Thomas Wright along the trail (Photo by J. Simms)

The paths opening this weekend are marked by a stone dust surface about 8 feet wide. They cross sidewalks and parking lots but just as quickly return creekside to the rushing waters that sustained the city a century ago.

The trail project was born out of Beacon Deserves Better, a grassroots citizen group that opposed a transit-oriented development proposal in the early 2000s near the train station. Since then, the greenway has become part of the city’s long-term planning — so much so that the City Council in 2014 amended the zoning code to require developments along the creek to allow greenway access. In some cases, city inspectors have waited for the trail to be accessible before issuing certificates of occupancy for creekside developments.

“I believe the greenway trail has a little bit for everyone ultimately, with the balance of the environment and wildlife,” said Rodney Weber, who owns the Churchill Street and Creek Drive apartment complexes. “This is a great opportunity for Beacon to further its sophistication as a forward-thinking, responsible community.”

A third Weber project, at the city’s adjacent former Department of Public Works site, will also include greenway access.

The new segments are within the boxed area, in green.

For Wright, who moved to Beacon in 2005 with his wife, Meredith Heuer, the greenway initiative was a natural fit after landing here.

“It’s easy to get involved in Beacon,” Wright said. “[Former greenway committee chair] Jim Korn proved as much with his earlier advocacy for a trail at what became Roundhouse Park.
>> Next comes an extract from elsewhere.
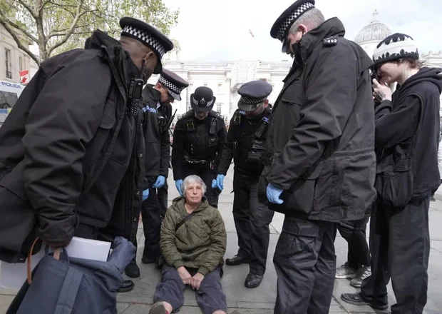في ساحة “ترافالغار”، وتحت شعارات “أنا أعارض الإبادة الجماعية.. أنا أدعم بال أكشن”، احتشد المئات في اعتصام سلمي افترشوا خلاله الأرض. وبدلاً من حماية حقهم المكفول قانوناً، شوهد ضباط الشرطة وهم يقتادون المتظاهرين قسراً، من بينهم رجل وسيدة من كبار السن، بل وصل الأمر إلى ملاحقة سيدة مسنة تستعين بـ “عكازين” لإبعادها عن موقع التظاهرة.

This is clearly a community where you can show up and have a say.”

In time, the Fishkill Creek Greenway and Heritage Trail will become part of a network of hiking and walking trails in and around Beacon. Scenic Hudson is heading the effort to create the 7-mile Fjord Trail linking Cold Spring and Beacon, while just north of that trailhead, Beacon officials are planning another path toward the Fishkill line on the city’s west side.

The Metropolitan Transportation Authority-owned rail bed along Fishkill Creek has been discussed as being included as part of the statewide Empire State Trail, as well.
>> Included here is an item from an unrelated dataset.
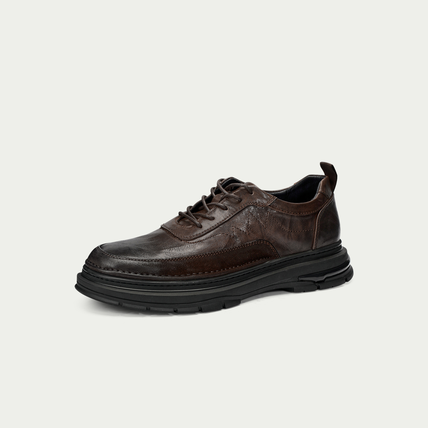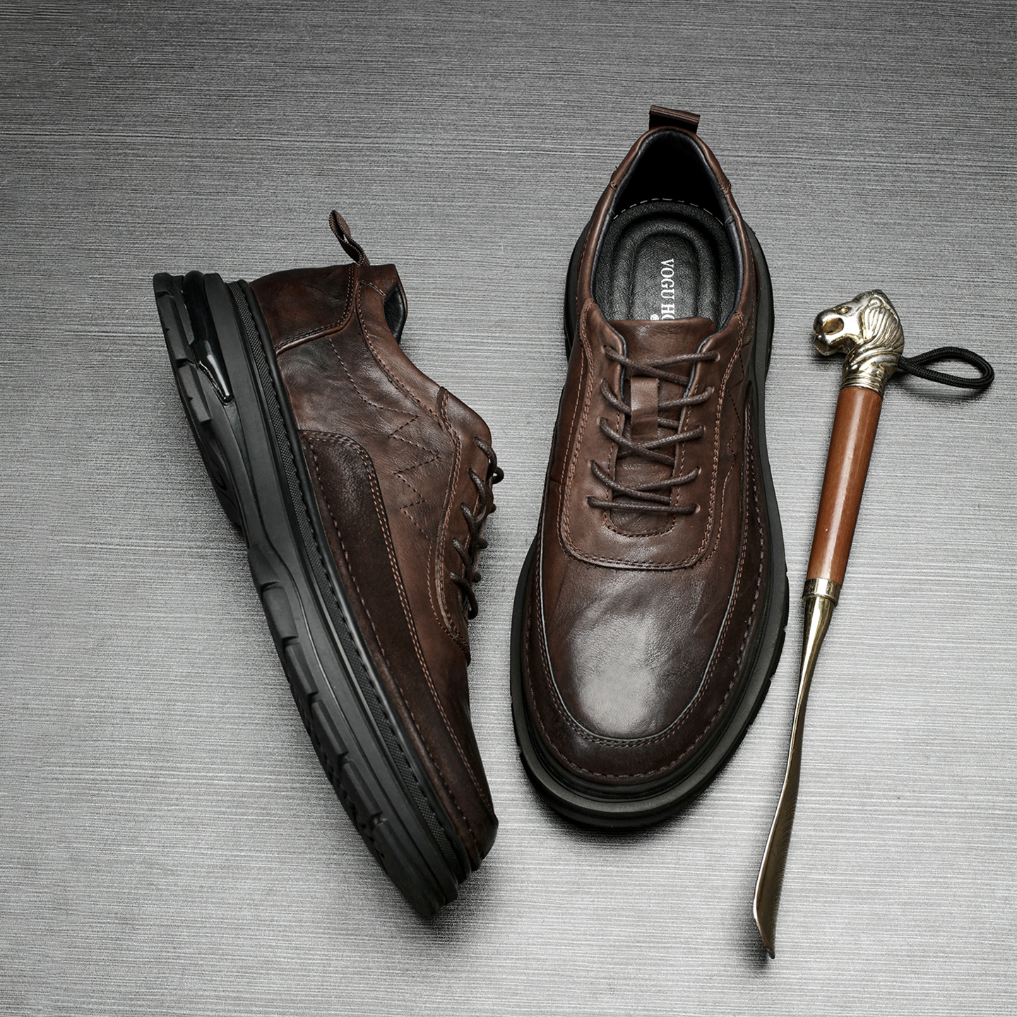 男鞋2025秋季新款气垫皮鞋潮圆头透气厚底休闲鞋系带户外运动鞋子

Beacon’s Fishkill Creek Greenway and Heritage Trail will open three new creekside segments this weekend, including this walkway. (Photo by J. Simms)

The increased walkability and access to the natural world seems to suit Beacon residents, who in a 2016 planning session for the update to the city’s comprehensive plan named greenways and linkages to other trails as their second-highest municipal goal, behind discouraging development that destroys natural features.

The Beacon greenway currently ends at the Rocky Glen gorge, high above the creek. The path there continues along narrow and steep terrain that’s much more like a primitive trail deep in the forest than the municipal walkways opening this weekend.

“Those other paths are a little more urban,” Wright said. “But the consistent theme is the proximity to the creek. As long as we have that, we have something that’s really valuable and, I think, a huge asset to the city.”